======== PROVIDED INFORMATION ========
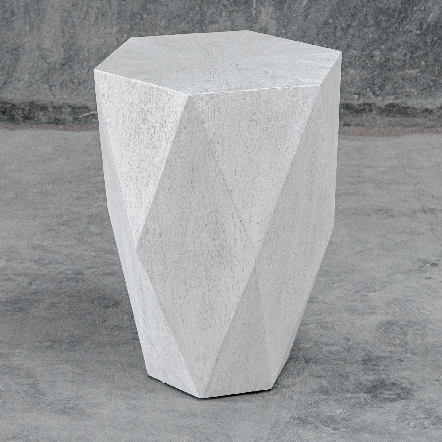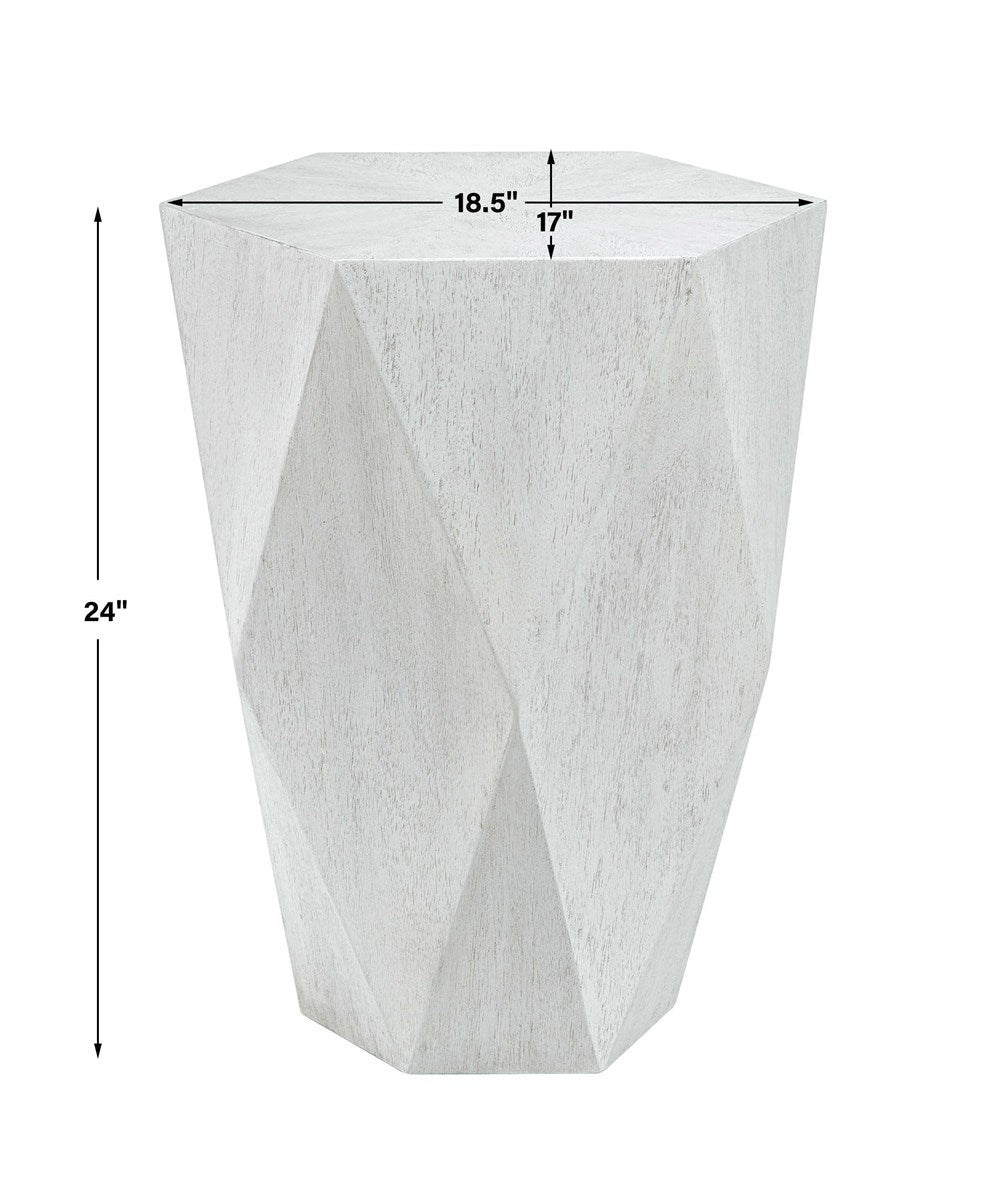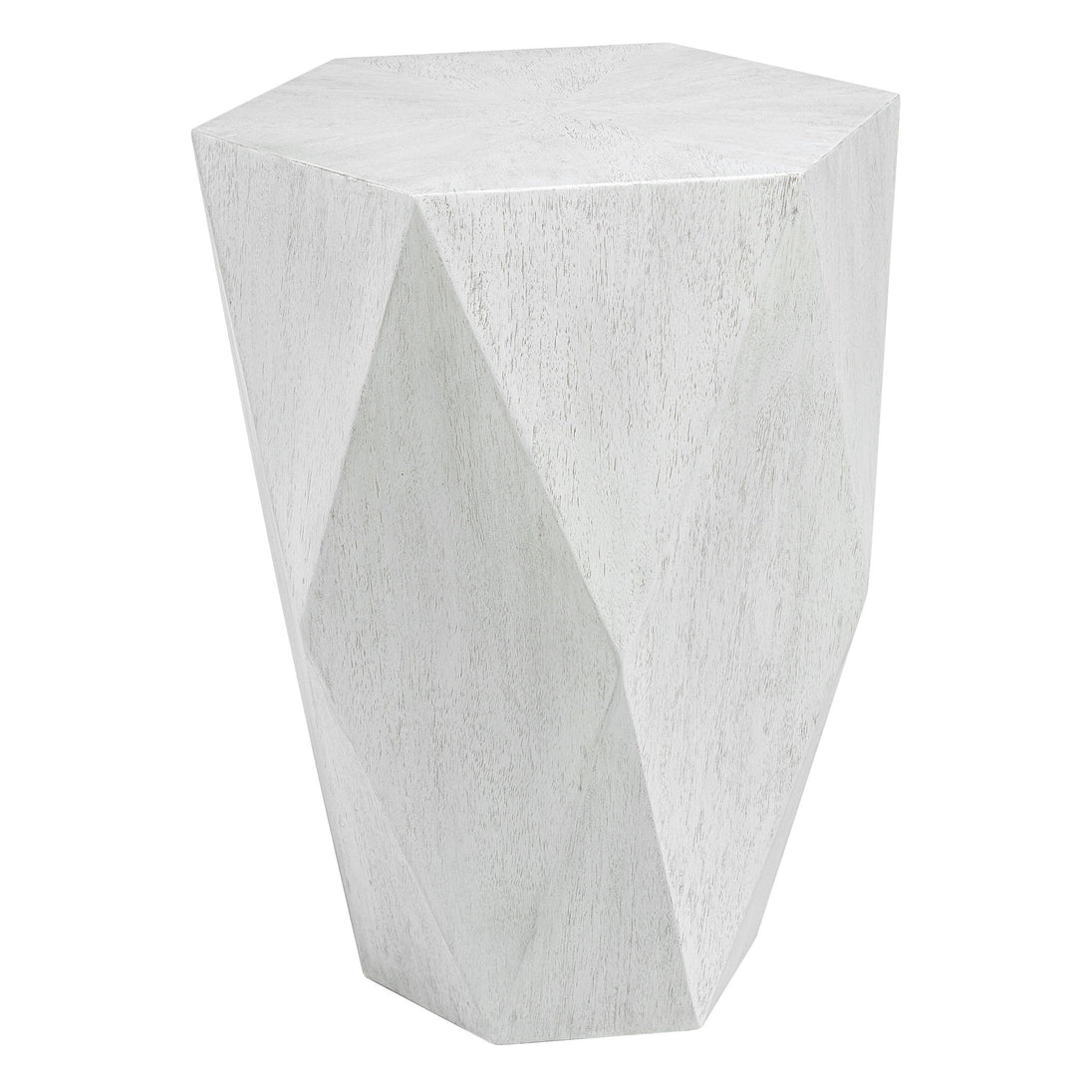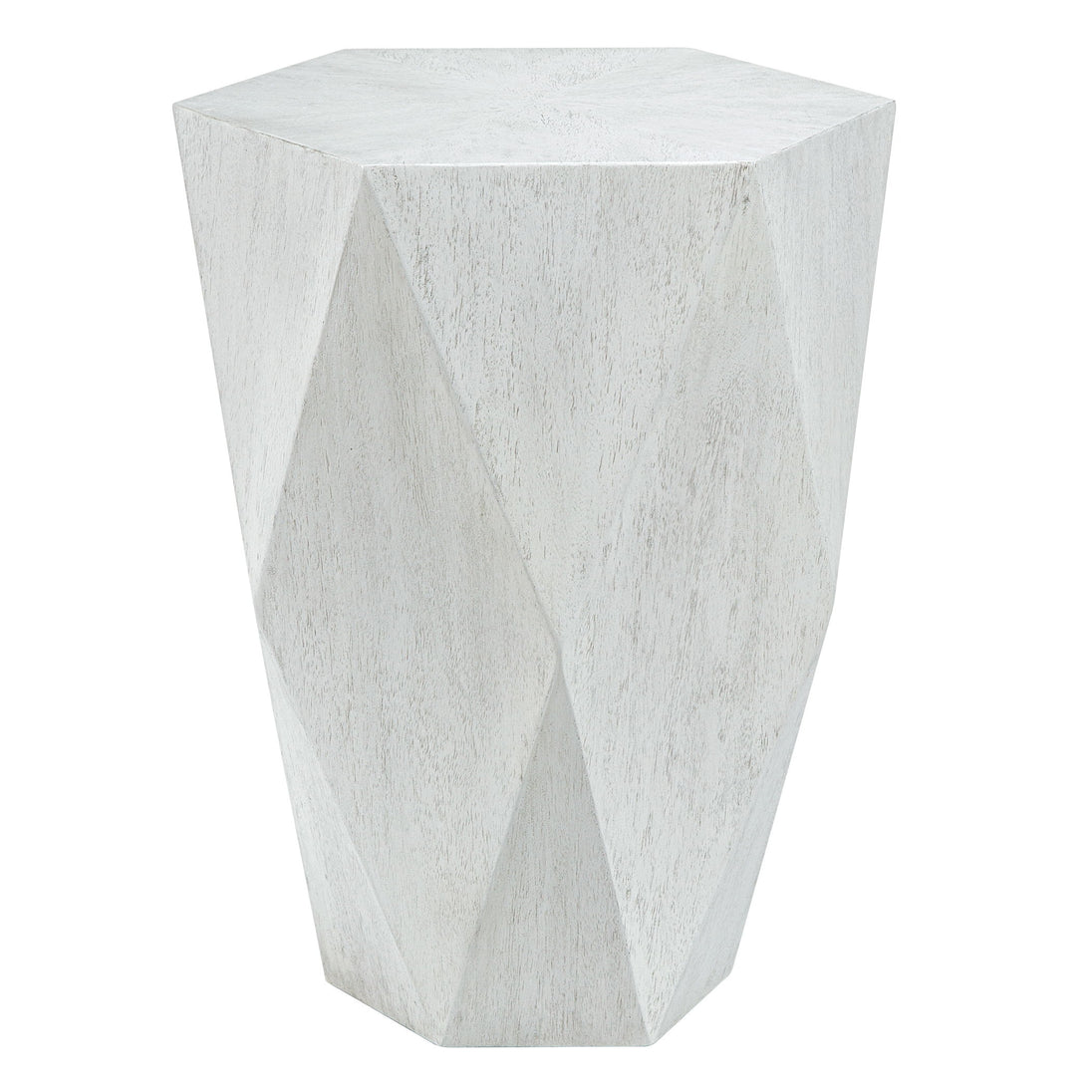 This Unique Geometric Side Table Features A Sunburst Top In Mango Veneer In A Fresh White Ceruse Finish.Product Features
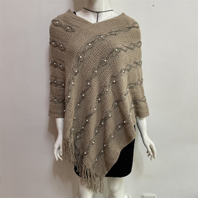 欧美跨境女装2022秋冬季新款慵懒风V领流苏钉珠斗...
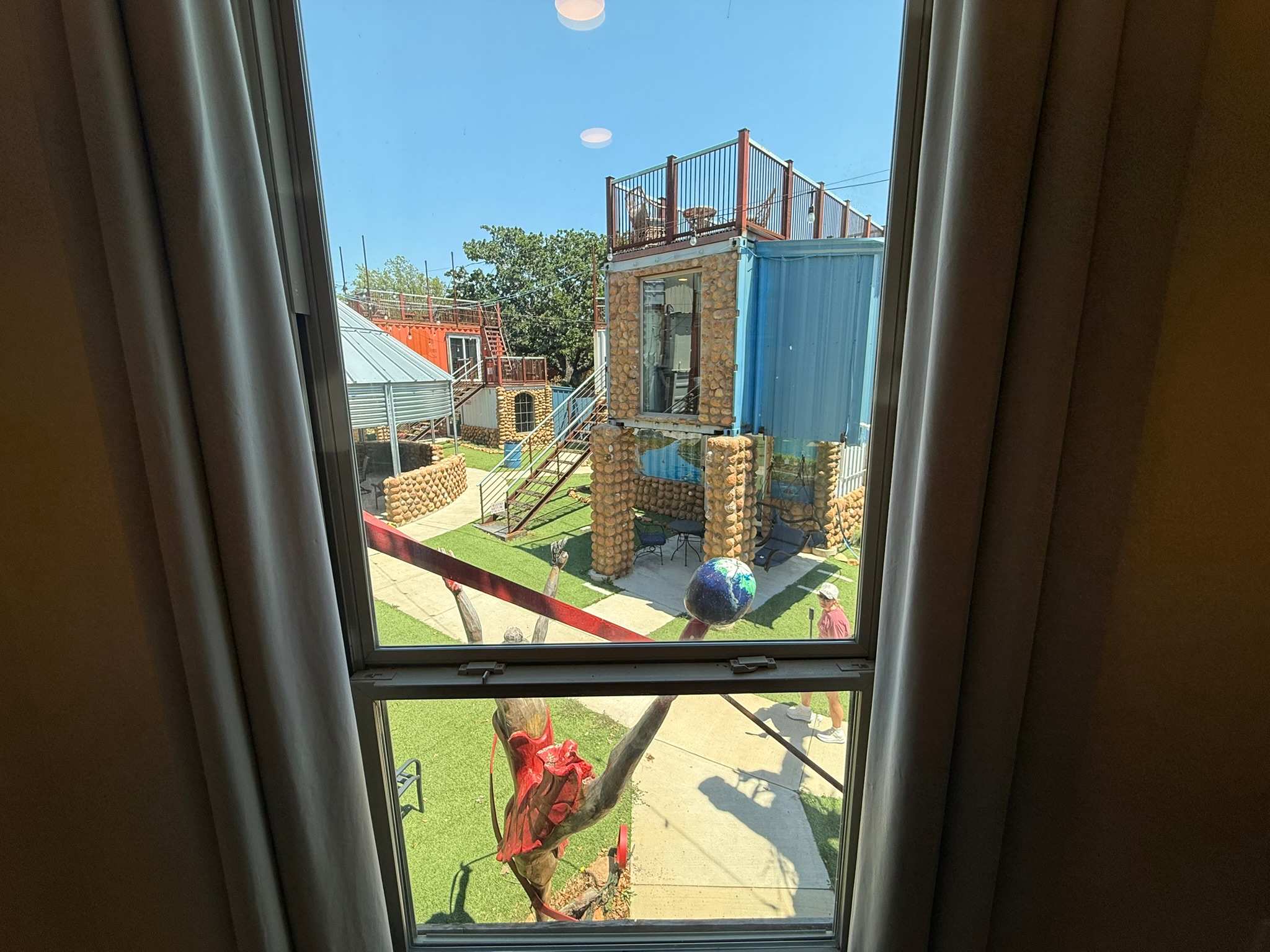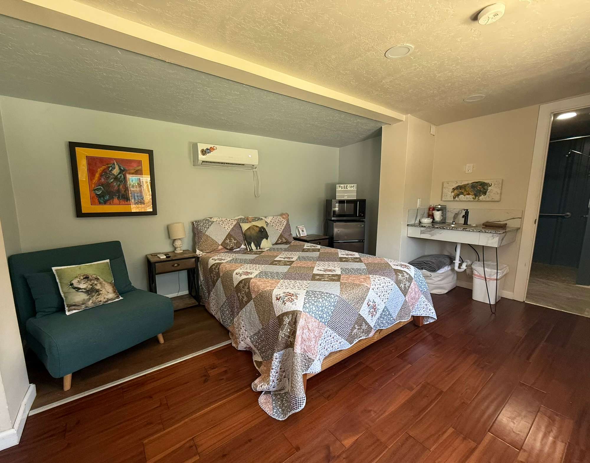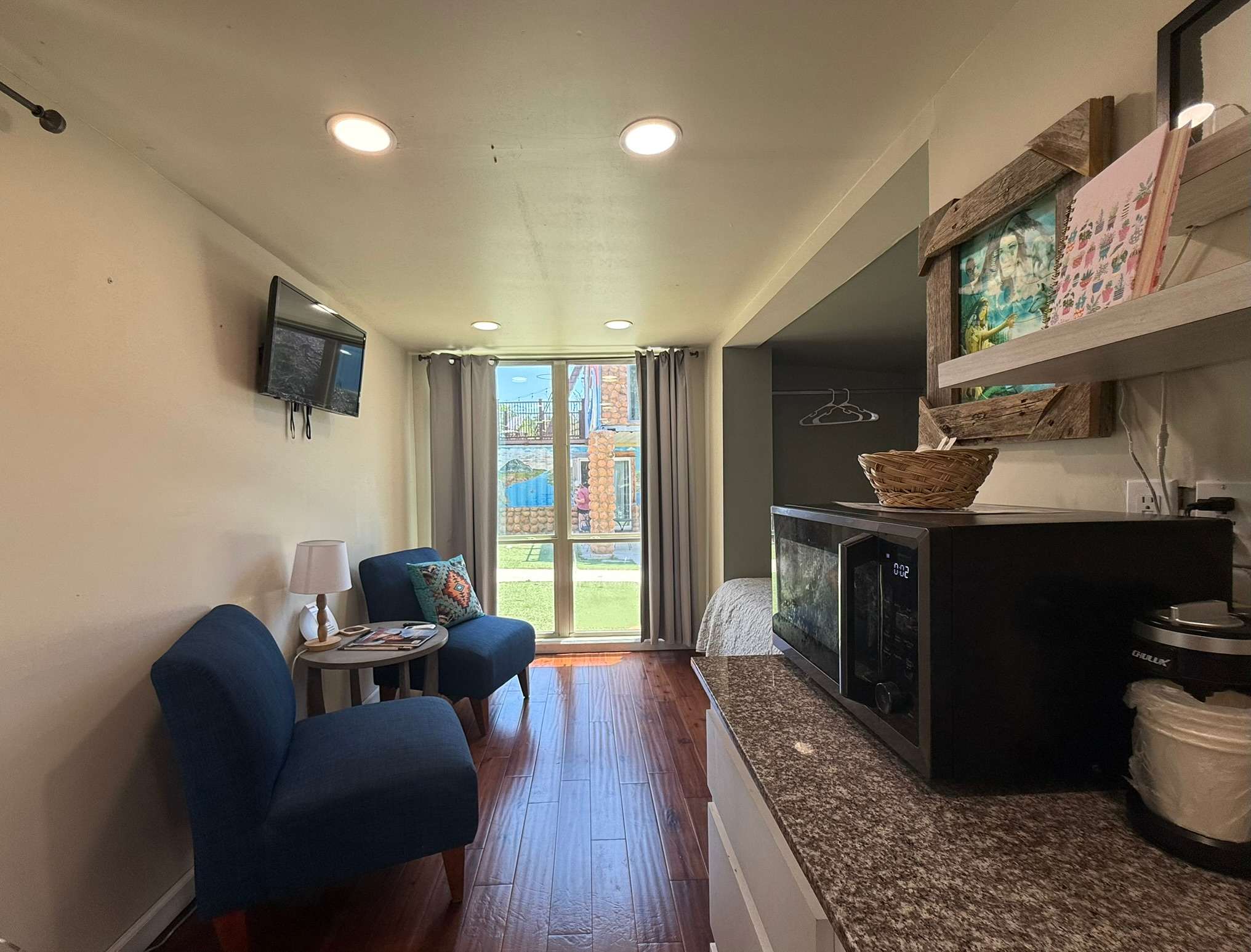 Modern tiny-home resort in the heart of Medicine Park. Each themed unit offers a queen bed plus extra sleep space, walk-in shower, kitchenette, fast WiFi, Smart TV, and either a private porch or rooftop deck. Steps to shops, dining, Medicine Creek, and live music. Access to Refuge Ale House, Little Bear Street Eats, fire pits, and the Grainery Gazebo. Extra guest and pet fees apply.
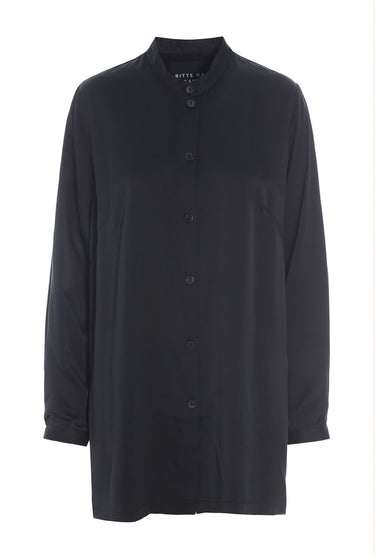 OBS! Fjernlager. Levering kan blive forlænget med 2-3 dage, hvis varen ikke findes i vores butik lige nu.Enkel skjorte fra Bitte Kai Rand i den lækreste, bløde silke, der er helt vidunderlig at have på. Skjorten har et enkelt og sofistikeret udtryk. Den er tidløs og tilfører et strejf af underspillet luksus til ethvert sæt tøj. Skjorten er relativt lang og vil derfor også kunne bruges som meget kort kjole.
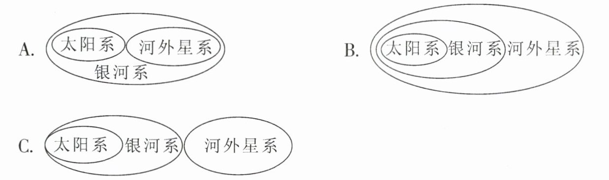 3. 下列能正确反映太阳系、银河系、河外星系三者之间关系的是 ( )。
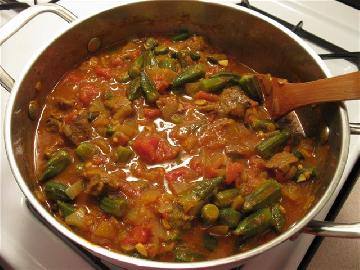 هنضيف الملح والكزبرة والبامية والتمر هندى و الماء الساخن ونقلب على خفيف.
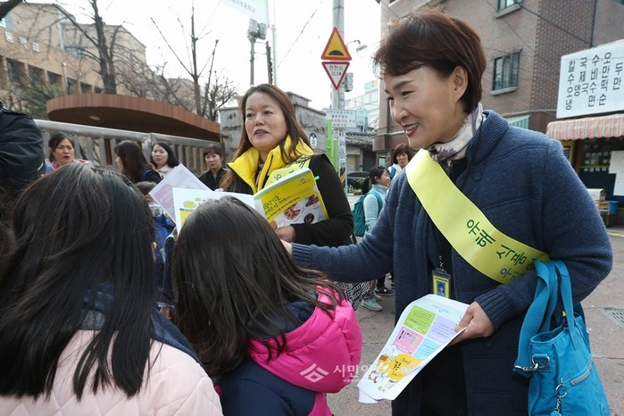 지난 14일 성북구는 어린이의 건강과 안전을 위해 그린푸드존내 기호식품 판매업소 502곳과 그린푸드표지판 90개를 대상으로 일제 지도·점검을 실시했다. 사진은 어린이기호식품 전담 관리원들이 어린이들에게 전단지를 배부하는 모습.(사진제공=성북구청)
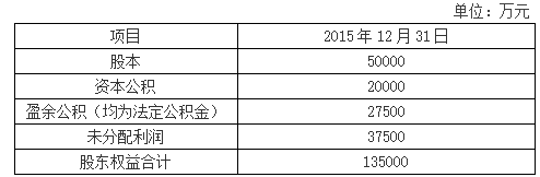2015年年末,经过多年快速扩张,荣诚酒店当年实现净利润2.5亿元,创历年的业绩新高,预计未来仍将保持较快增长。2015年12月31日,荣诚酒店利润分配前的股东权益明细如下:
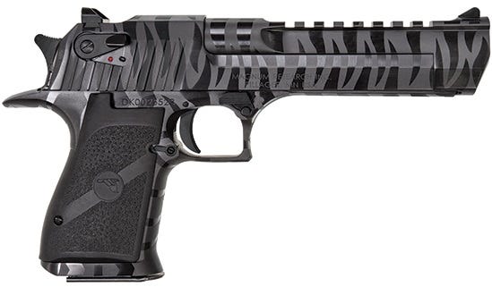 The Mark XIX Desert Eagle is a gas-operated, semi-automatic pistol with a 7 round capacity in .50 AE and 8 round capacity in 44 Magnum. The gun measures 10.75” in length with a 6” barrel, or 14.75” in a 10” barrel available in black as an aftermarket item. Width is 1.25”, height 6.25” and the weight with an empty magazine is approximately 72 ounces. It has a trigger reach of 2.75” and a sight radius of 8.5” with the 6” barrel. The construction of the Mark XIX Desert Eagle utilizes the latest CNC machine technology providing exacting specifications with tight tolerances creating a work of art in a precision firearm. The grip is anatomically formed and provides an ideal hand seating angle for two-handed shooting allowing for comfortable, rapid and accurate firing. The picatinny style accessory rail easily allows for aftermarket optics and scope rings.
========
Copy the lines exactly as they appear from the opening of the entries above through the line with "2015年年末,经过多年快速", excluding all pictures.

### RESPONSE TO THIS TASK
 This Unique Geometric Side Table Features A Sunburst Top In Mango Veneer In A Fresh White Ceruse Finish.Product Features
 欧美跨境女装2022秋冬季新款慵懒风V领流苏钉珠斗...
 Modern tiny-home resort in the heart of Medicine Park. Each themed unit offers a queen bed plus extra sleep space, walk-in shower, kitchenette, fast WiFi, Smart TV, and either a private porch or rooftop deck. Steps to shops, dining, Medicine Creek, and live music. Access to Refuge Ale House, Little Bear Street Eats, fire pits, and the Grainery Gazebo. Extra guest and pet fees apply.
 OBS! Fjernlager. Levering kan blive forlænget med 2-3 dage, hvis varen ikke findes i vores butik lige nu.Enkel skjorte fra Bitte Kai Rand i den lækreste, bløde silke, der er helt vidunderlig at have på. Skjorten har et enkelt og sofistikeret udtryk. Den er tidløs og tilfører et strejf af underspillet luksus til ethvert sæt tøj. Skjorten er relativt lang og vil derfor også kunne bruges som meget kort kjole.
 3. 下列能正确反映太阳系、银河系、河外星系三者之间关系的是 ( )。
 هنضيف الملح والكزبرة والبامية والتمر هندى و الماء الساخن ونقلب على خفيف.
 지난 14일 성북구는 어린이의 건강과 안전을 위해 그린푸드존내 기호식품 판매업소 502곳과 그린푸드표지판 90개를 대상으로 일제 지도·점검을 실시했다. 사진은 어린이기호식품 전담 관리원들이 어린이들에게 전단지를 배부하는 모습.(사진제공=성북구청)
2015年年末,经过多年快速扩张,荣诚酒店当年实现净利润2.5亿元,创历年的业绩新高,预计未来仍将保持较快增长。2015年12月31日,荣诚酒店利润分配前的股东权益明细如下:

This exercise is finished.